Quand il s'est réveillé ,le matin, il était mal, maussade. C'était la première fois en trois ans , m'a t il expliqué qu'il trompait Marianne . Tout l'énervait . J'étais dans la salle de bains, vraiment contente, je l'entendais râler de l' autre côté de la porte. Je sors de la douche, je prends un peignoir, je ne savais pas qu'il était à elle. J'arrive dans la chambre. Il me voit dans ce peignoir , il devient tout blanc. Il gueule:« non , non, pas ça, s'il te plait ! ». Je vais l'enlever. Je me dis: «mais cette fille, décidément, elle gâchera toujours tout entre nous! ». Il me suivait dans l'apparte , je regardais les crèmes , les parfums, il avait peur que je prenne quelle que chose, il était terrorisé. J'ai eu un fou rire. Je me souviens quand je 'lai quitté , je ne pouvais plus m'arrêter de rire. C'était horrible parce que lui ne riait pas du tout.




Je me demande si un homme peut aimer deux femmes à la fois.
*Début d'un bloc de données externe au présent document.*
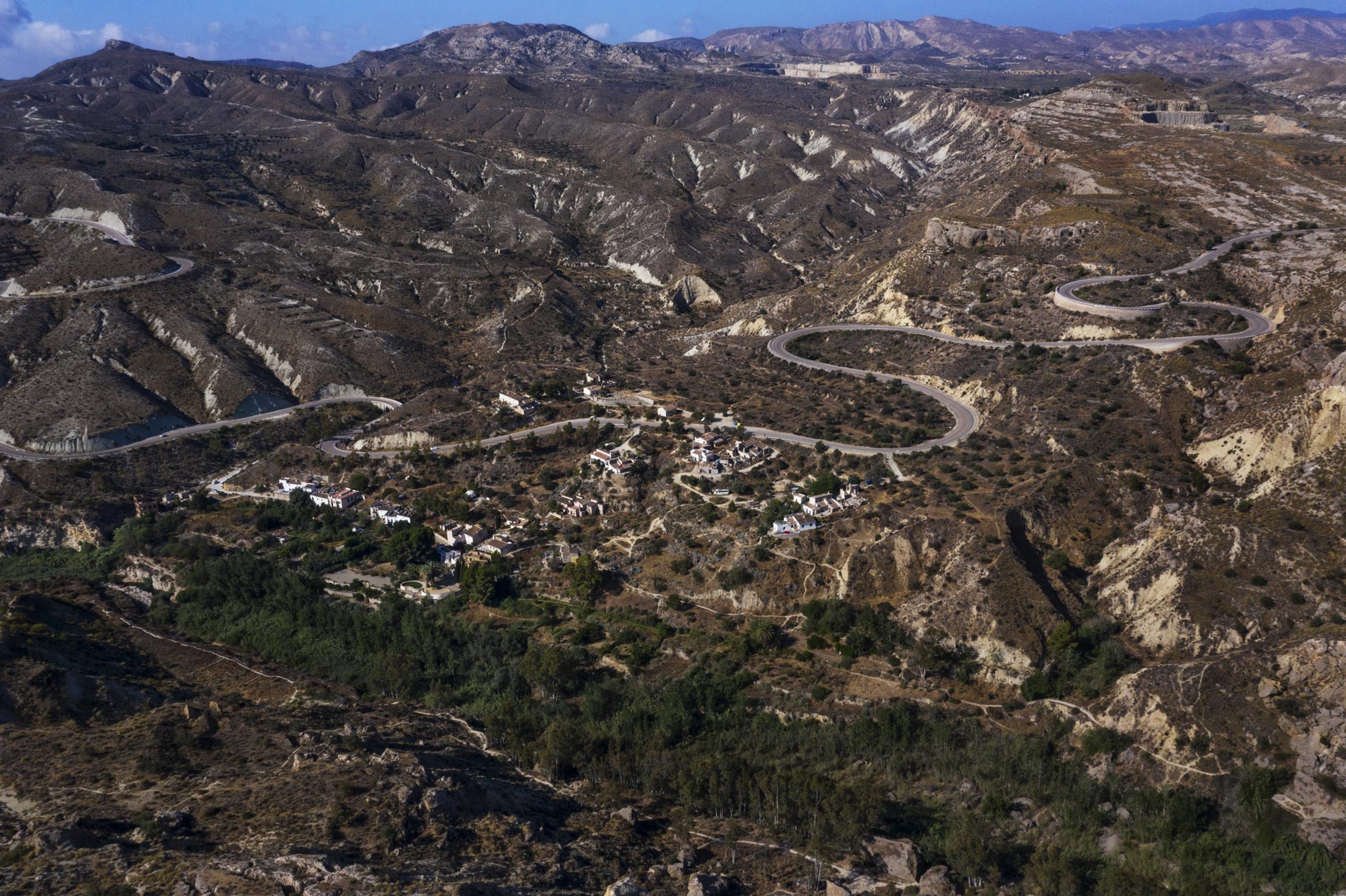 Attorno al villaggio, si estendono a perdita d'occhio solo dune rocciose e bianche colline, riarse dal feroce sole d'Almerìa. Ci sono soltanto delle piantagioni di ulivi a coltivazione superintensiva ad interrompere un paesaggio da film Western. All'interno del canyon lo scenario è diverso: una vegetazione lussureggiante, d'un verde brillante, incornicia una manciata di antichi casolari bianchi. Prestando l'orecchio, si avverte onnipresente lo scrosciare cristallino del rio Aguas. È qui che, nascosto da sguardi indiscreti, sorge l'eco-villaggio di Sunseed.

Est ce qu'il a vraiment besoin des deux ? De Marianne pour sa famille, pour les apparences ? Et de moi pour parler, faire l'amour, pour le plaisir? Surtout, est-ce que moi je peux tenir longtemps dans ces conditions? Je préfèrerais vraiment être un homme: on doit moins souffrir quand on se donne. Et après, on n'a pas besoin d'attendre éternellement devant le téléphone.


On ne s'est revus qu' une fois depuis notre nuit. Mais on se parle par MSN. Je lui envoie des photos d' actrices que je trouve belles. Rachel Weisz, Michelle Rodriguez de La série « Lost » Mais celle qu'il aime , ça reste Scarlett Johansson. Elle, j'aimerais bien qu'elle tombe d'une falaise…

Avant-hier, je lui ai envoyé une photo de James Fox, l'acteur anglais du « Servant ». Il m'a répondu : "J'admets une légère ressemblance…". Sinon rien , rien d'autre . Je ne sais plus quoi faire .


Au bureau, il y un garçon qui a l'air de me draguer. Je l' appelle Richard parcequ'il ressemble à Richard Gere. Mais moi je ne suis pas Julia Roberts , je ne veux pas jouer les Pretty woman. C'est James que j'aime. Je veux juste James .

Quand je ne le vois pas, il me manque .Si je pense trop à lui, je ressens de telles bouffées de tendresse, ça me fait mal. Ca part d'en bas, du ventre. Ca me remonte jusqu'aux yeux , ça me fait pleurer.

S'il pouvait m'appeler là, maintenant! Ou m'envoyer un texto, un petit texto. Je n'en demande pas plus.